Datowany na maj 1917 roku Portret panny Lieser (org. Fräulein Lieser) przedstawia najprawdopodobniej jedną z trzech nastoletnich wówczas przedstawicielek zamożnej austriackiej rodziny Lieser: Margarethe Constance, Helene lub Annie Lieser. Zaprezentowana na czerwonym tle kobieta ma na sobie bogato zdobiony błękitny płaszcz i zieloną suknię.
Dzieło uważa się za jedno z ostatnich w twórczości Klimta, powstałe niespełna rok przed jego śmiercią 6 lutego 1918 roku. Pozostawione w atelier artysty, trafiło najprawdopodobniej w ręce rodziny, która zamówiła portret. Po raz ostatni udało się je sfotografować w 1925 roku, natomiast jego późniejsze losy nie są do końca znane. Prawdopodobnie początkowo znajdowało się w posiadaniu rodziny Lieserów, natomiast w latach 60. ubiegłego wieku zostało zakupione przez anonimowego kolekcjonera z Austrii. Jego spadkobiercy zdecydowali się na sprzedaż Portretu panny Lieser, którego wartość szacuje się na 54 miliony dolarów.
Zaginiony oznacza niedostępny
Znalezienie portretu po tak długim czasie uznaje się za odkrycie sensacyjne – Od dziesięcioleci dzieło tak rzadkie i o takim znaczeniu artystycznym nie było dostępne na rynku dzieł sztuki w Europie Centralnej – przyznają przedstawiciele domu aukcyjnego im Kinsky – Portrety kobiet autorstwa Klimta nie pojawiają się na aukcjach często, a w samej Austrii nie mieliśmy dotychczas do czynienia z dziełem choćby zbliżonym rangą do tego – dodają.

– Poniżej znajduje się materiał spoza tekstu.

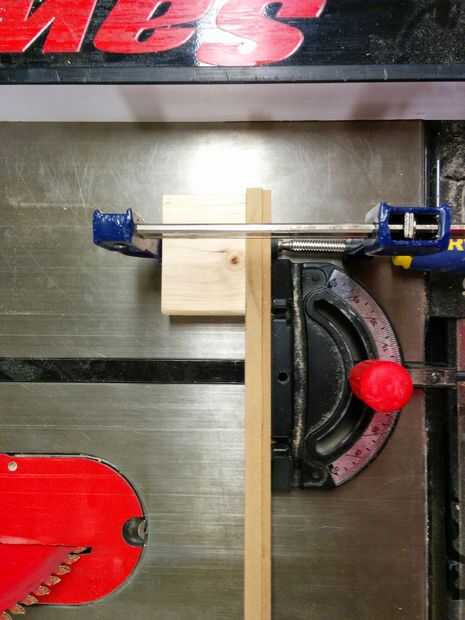 El segundo paso es la es a poner la mesa de la sierra a 45 grados (se muestra en la imagen. Después de esto, crear una plantilla para asegurarse de que los cortes son precisos y que todos los lados tienen la misma longitud. Un ejemplo de una buena plantilla se demuestra en las imágenes de arriba

Licytacja odbędzie się 24 kwietnia. Przedtem jednak obraz zostanie zaprezentowany między innymi w Szwajcarii, Niemczech, Hongkongu i Wielkiej Brytanii.
Cytowany przez BBC, współzarządzający domem aukcyjnym Ernst Ploil, podkreśla, że dotychczas nie znaleziono dowodów na to, jakoby obraz został skradziony przed lub w trakcie drugiej wojny światowej – W dostępnych katalogach opisuje się portret jako zaginiony. W naszych kręgach zaginiony oznacza prawdopodobnie zniszczony lub spalony wskutek działań wojennych. Innymi słowy, po prostu niedostępny. Nie spodziewano się, że obraz jeszcze kiedykolwiek ujrzy światło dzienne – przyznaje.